The first pass of a simulation routine, written in LabVIEW, is working. I probably spent more time debugging the handshaking routine than anything else, but it’s working now. I can generate a seed code-worm that starts at cell (0, 0) then travels across to a destination cell.
In this debug stage, I need to display all the registers so I can watch what is happening within each of the individual cells. This verbose display mode means that I can only fit a 4x4 display array on my monitor. But a 4x4 array, at this first pass stage, was good enough to get things working.
I have an old Windows-XP legacy system that I kept available for periodic maintenance work on projects that I did for clients years earlier. Now that I’m retied and don’t need it anymore; time to turn it into Linux system. I’ve ordered a new hard drive and will upgrade this old XP system to Linux running Debian. The hard drive should arrive next week. At which point I’ll start the second phase of the array processor simulation project.
On the cellular automata front, it only took a little bit of research to find out that Stephen Wolfram, of Mathematica fame, has already done a significant amount of work in this area. I checked his book out from the library, “A New Kind of Science” and have started reading it.
My intent is to start with duplicating some of the classic cellular automata featured on YouTube, like the Game of Life and Langton’s Ant. The challenge is going to be how to visualize the time evolution of such systems; especially in the case of arrays on the order of 100x100 and bigger. Needing to display the progress of such a large array on a standard monitor means I can’t use much more than a 10x10 pixel area per display cell. Outputting numbers in this case is out of the question. So, what I have to explore next is ways to use colors to encode what each cell is doing.
For the simple examples I will be starting with, just displaying either a light or dark shaded area will be sufficient. But as I progress to more complicated relationships between the cells I’ll need to try something different. One obvious trick is to use the assembly language “org” instruction to partition various sections of each cell’s program-code into different segments of program-memory. Then assign different colors to each of these code segments; that way encoding the program-counter as a color will indicate which subroutine is active at any one time. What other cell-variables will be relevant to visualize, and how to visualize them with color-encoding is something I need to work on in the weeks ahead.
Next, is to start making “evolution” videos of these two-dimensional cellular automata and watch to see if any patterns appear to emerge. And regarding this effort, something worth noting is that when it comes to pattern recognition, the human brain is the best visual processing system we have access to. Even Google, Facebook, Stanford, MIT and the rest, even with their unique access to massive amounts of computational horsepower, and even using advanced techniques like deep learning, are still struggling to visually recognize a cat in a picture; something that humans can do quite easily.

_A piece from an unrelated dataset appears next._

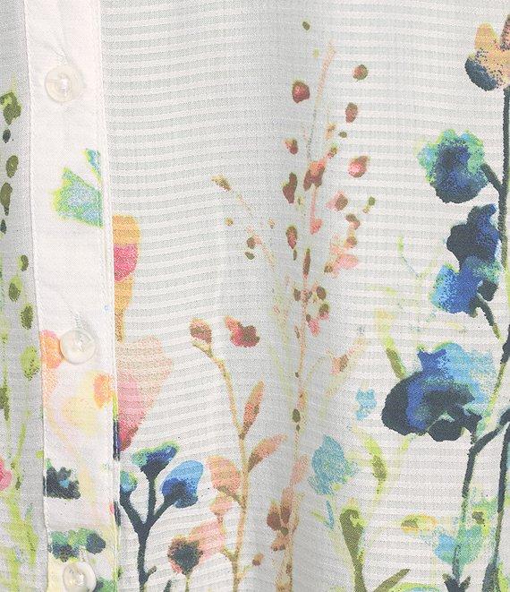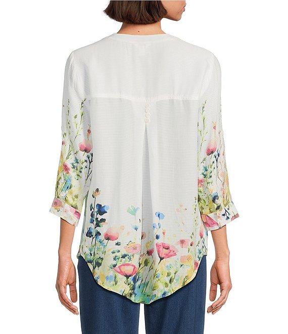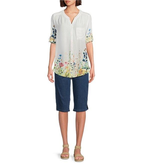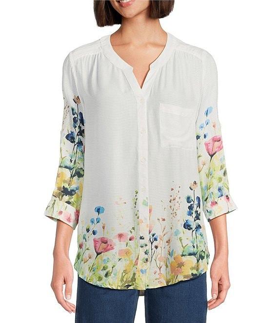 Intro Woven Bright White Split V-Neck 3/4 Roll-Tab Sleeve Button Front Shirt

I need to remember that my goal is not to just recreate work others have already done, but to explore the possibilities of using code-worms as a way of stabilizing the evolution of cellular automata so that they will stay stationary and not move off screen. If I can get that far, then the next question to explore will be whether these stationary automata can be used as computational engines to process an input to an output stream? Specifically, I’m curious if an automata could be used to function as a Szilard’s Engine or a Maxwell’s demon.
On a second note: It has been over 20 years since I left physics and went into engineering. I’m afraid my math skills have gotten quite rusty. So, in an effort to get my skills backup to par, I’ll be working through my old textbook on math logic “Logic for Mathematicians” by A. G. Hamilton. and starting to work through the YouTube video series on the “Theory of Computation.”